Researchers have identified that Dishevelled doesn’t only function in the cytoplasm and at the cell membrane – it must also pass into the nucleus. A study published today in Journal of Biology reveals that Dishevelled, a key player in the Wnt/beta-catenin signalling pathway, has to be localised in the nucleus to perform a key aspect of its function. This discovery should shed light on both normal embryonic development and the development of cancer.
In the paper, Sergei Sokol and colleagues, from Harvard Medical School, show that Dishevelled (Dsh) is constantly shuttling between the nucleus and the cytoplasm, owing to its nuclear export and import sequences, but that it has to be in the nucleus to respond to certain Wnt signals transmitted through the ‘canonical’ Wnt signalling pathway.
Dsh has always been considered to be a cytoplasmic protein, exerting its function as a stabiliser of beta-catenin in the cell cytoplasm after stimulation by Wnt secreted ligands binding to Frizzled receptors on the cell surface.

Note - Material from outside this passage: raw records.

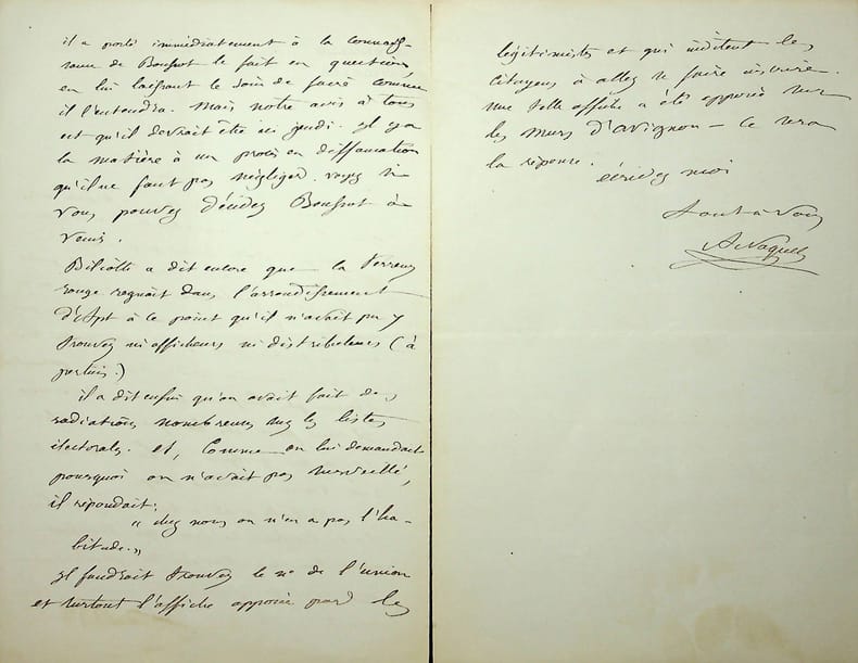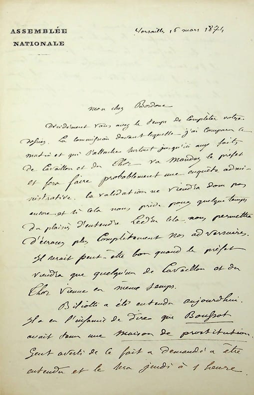 Alfred Naquet (1834-1916), chimiste, médecin, homme politique, promoteur du divorce. L.A.S., Versailles, 16 mars 1874, 2pœ in-8. A Philippe Bordone (1821-1892), médecin, chirurgien militaire dit le général Bordone. Très intéressante lettre faisant suite à la révocation du maire de Cavaillon, Aimé Boussot (1812-1892), par Mac-Mahon en février et les magouilles politiques de l'époque (les élections de 1871 dans le Vaucluse avaient déjà été invalidées par exemple). « Mon cher Bordone, Décidément, vous avez le temps de compléter votre dossier. La commission devant laquelle j'ai comparu le matin et qui s'attache surtout jusqu'ici aux faits de Cavaillon et du Thor va mander le préfet et fera faire probablement une enquête administrative. La validation ne viendra donc pas encore et si cela nous prive pour quelques temps du plaisir d'entendre [Alexandre] Ledru[-Rollin], cela nous permettra d'écraser plus complètement nos adversaires. Il serait peut-être bon quand le préfet viendra que quelqu'un de Cavaillon et du Thor vienne en même temps. [Raoul de] Billioti a été entendu aujourd'hui. Il a eu l'infamie de dire que Boussot avait tenue une maison de prostitution. [Alphonse] Gent averti de ce fait a demandé à être entendu et le sera jeudi [19 mars] à 1 heure. Il a porté immédiatement à la connaissance de Boussot le fait en question en lui laissant le soin de faire comme il l'entendra. Mais notre avis à tous est qu'il devrait être ici jeudi. Il y a la matière à un procès en diffamation qu'il ne faut pas négliger. Voyez si vous pouvez décider Boussot à venir. Biliotti a dit encore que la terreur rouge réglait dans l'arrondissement d'Apt à ce point qu'il n'avait pu y trouver d'afficheurs ni distributeurs (à Pertuis). Il a dit enfin qu'on avait fait des radiations nombreuses sur les listes électorales. Et , comme on lui demandait pourquoi on n'avait pas surveillé, il répondait : « Chez nous on n'en a pas l'habitude » Il faudrait trouver le n° de l'union et surtout l'affiche apposée par les légitimistes et qui incitent les citoyens à aller se faire inscrire. Une telle affiche a été apposée sur les murs d'Avignon. Ce sera la réponse. Ecrivez-moi. Tout à vous A Naquet ». Peu commun [401]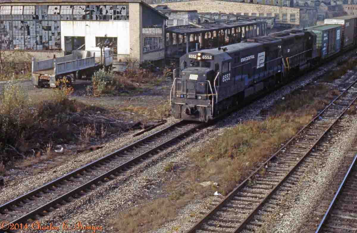 An eastbound train passing the ruins of the W S George pottery in East Palestine, Oh 11/05/1977     Charlie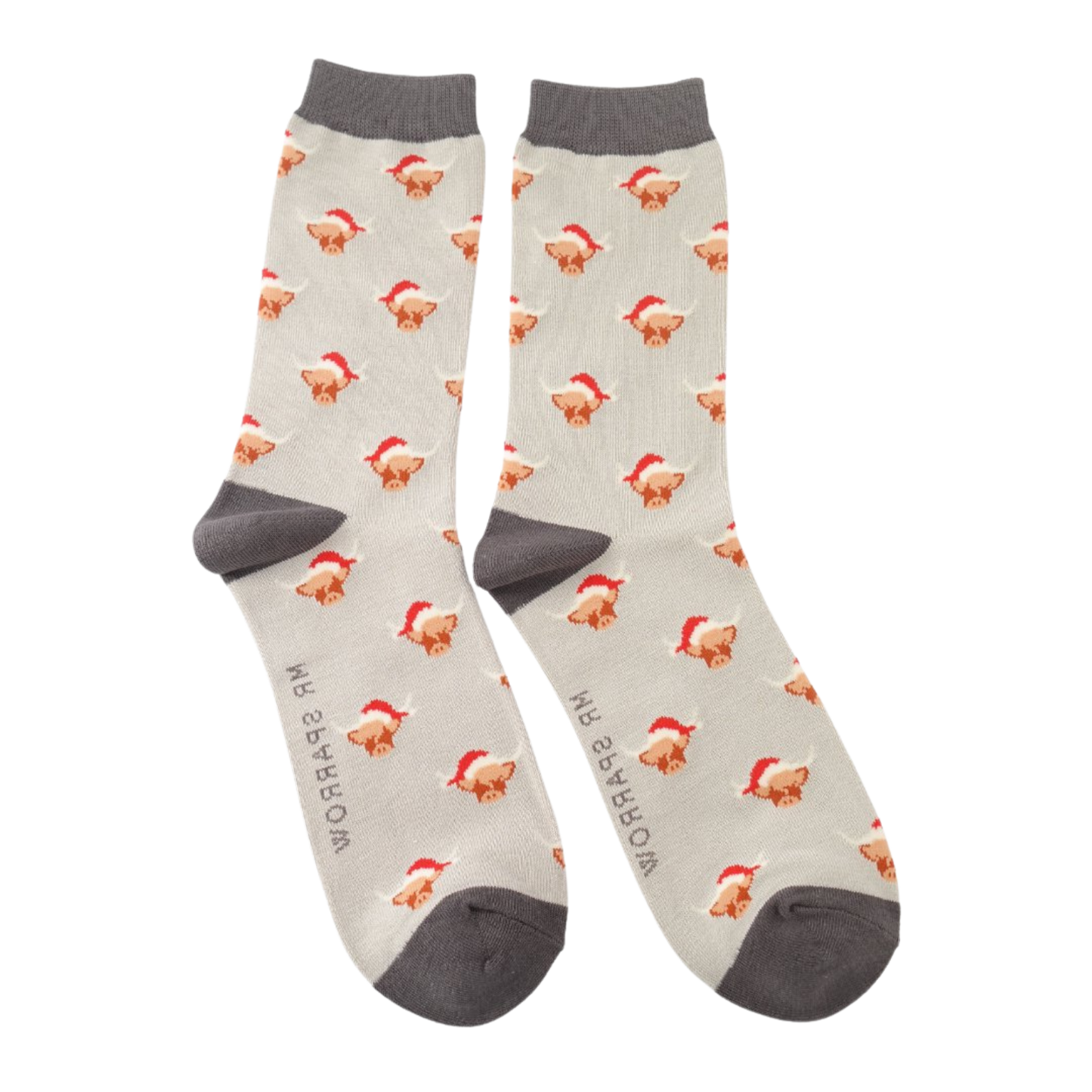 Xmas Highland Cow Bamboo Socks - Miss Sparrow

Sokol and colleagues show using Xenopus embryos and mammalian cultured cells that a mutated version of Dsh, which accumulates in the nucleus, is functional in the Wnt signalling pathway. Preventing Dsh from getting into the nucleus, however, either by mutating the nuclear localisation signal of the protein or by using a drug that disables the nuclear export machinery, impairs function. In mammalian cells, endogenous Dsh responds to Wnt ligands by mobilising to the nucleus.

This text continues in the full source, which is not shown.